Bar-Hayim has proposed the re-establishment of the customs of Israel, religious observances and practices that reflect those of the pre-exile Jewish communities in Israel, rather than those of Babylon or Europe. For this purpose, he has published a prayer book intended to reflect the original composition of early Israel, based upon the Jerusalem Talmud.

== Halachic rulings ==
In light of the fact that Israel is yet again a sovereign Jewish state, with Jerusalem as its capital, Bar-Hayim has argued for increased utilization of the Jerusalem Talmud, which in his opinion, in regard to Torat Eretz Yisrael and Minhagei Eretz Yisrael, contains more lucid rulings than the Babylonian Talmud, which was given supremacy in "exile-mode" Judaism. This has led him to issue a number of highly controversial rulings, some of which are listed below:

- In a very controversial ruling, Bar-Hayim announced that any Jew worldwide, regardless of origin, and despite the practice of their forefathers, may eat kitniyot ("legumes") on Passover, as most Sefardi Jews do, for it is a practice rejected as an unnecessary precaution by some Halachic authorities as early as the time of its emergence. This position has been widely rejected by other rabbis, including Ovadia Yosef.
- When the first day of Sukkot falls on Shabbat, Israeli Jews should follow the Mishna and Jerusalem Talmud's ruling, and perform the lulav ritual.
- Hallel should be recited on Israeli Independence Day.
- Stainless steel utensils do not absorb dairy or meat, and may therefore just be washed with soap and water between dairy and meat use.
- Bar-Hayim claims that the rulings of the Shulchan Aruch were intended as a resource and depiction of common practice in certain areas, and that the author never intended that his rulings become compulsory for Jewry.
- The size of an olive in Jewish law is roughly the size of an olive. Those commentators who over-estimated the size of the olive were unfamiliar with olives, for they had lived in lands which lacked them.
- The process of conversion to Judaism should be one that welcomes sincere converts and allows them the right to choose a rabbi and community which they identify with.
- Jewish law requires one to follow the most convincing position which is truest to the sources. One need not uphold a tradition which can be shown to have been conceived in error.

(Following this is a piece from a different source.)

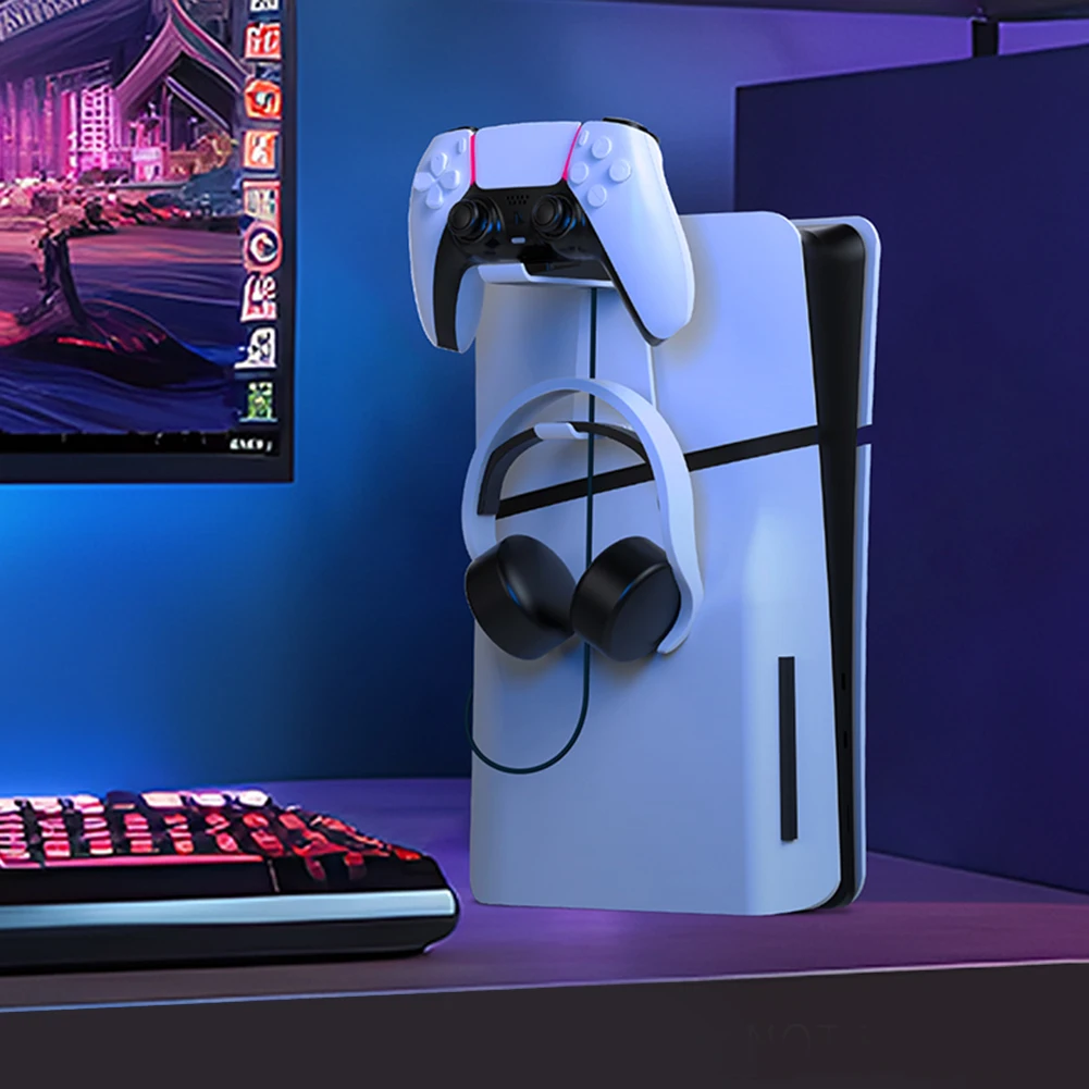 Wall Mount Controller Holder Headphone Hook Stable Controller & Headset Storage Holder Space Saving Controller Storage Organizer Compatible withPS5 Slim/PS5 Console Compatible with Playstation 5 Slim/Playstation 5

- The common form of reclining on Passover nowadays does not convey the aristocratic nobility it was intended to, and may often defeat its very purpose.
- The main purpose of Torah study is to create a holy nation that obeys the law, and not merely withdrawn individuals seeking personal gain.
- A blessing is to be recited when removing phylacteries.
- One may eat poultry followed by dairy without a waiting period.
- Torah sages can err, just as the Sanhedrin could (Leviticus 4:13).
- Married women should wear a head covering that is not a wig, since a wig is an invalid form of head covering. It is preferable for a married Jewish woman to expose her hair than to don a wig, for the wig actually increases attraction in the public domain and encourages the notion that Halakha is both irrational and intellectually dishonest.
- One may change his nusach tefillah at any time, because the idea that a Jew should not change his nusach tefillah, and has to continue to pray in the way of his forefathers, is an invented Halacha of the galut (diaspora, "scattering, dispersion").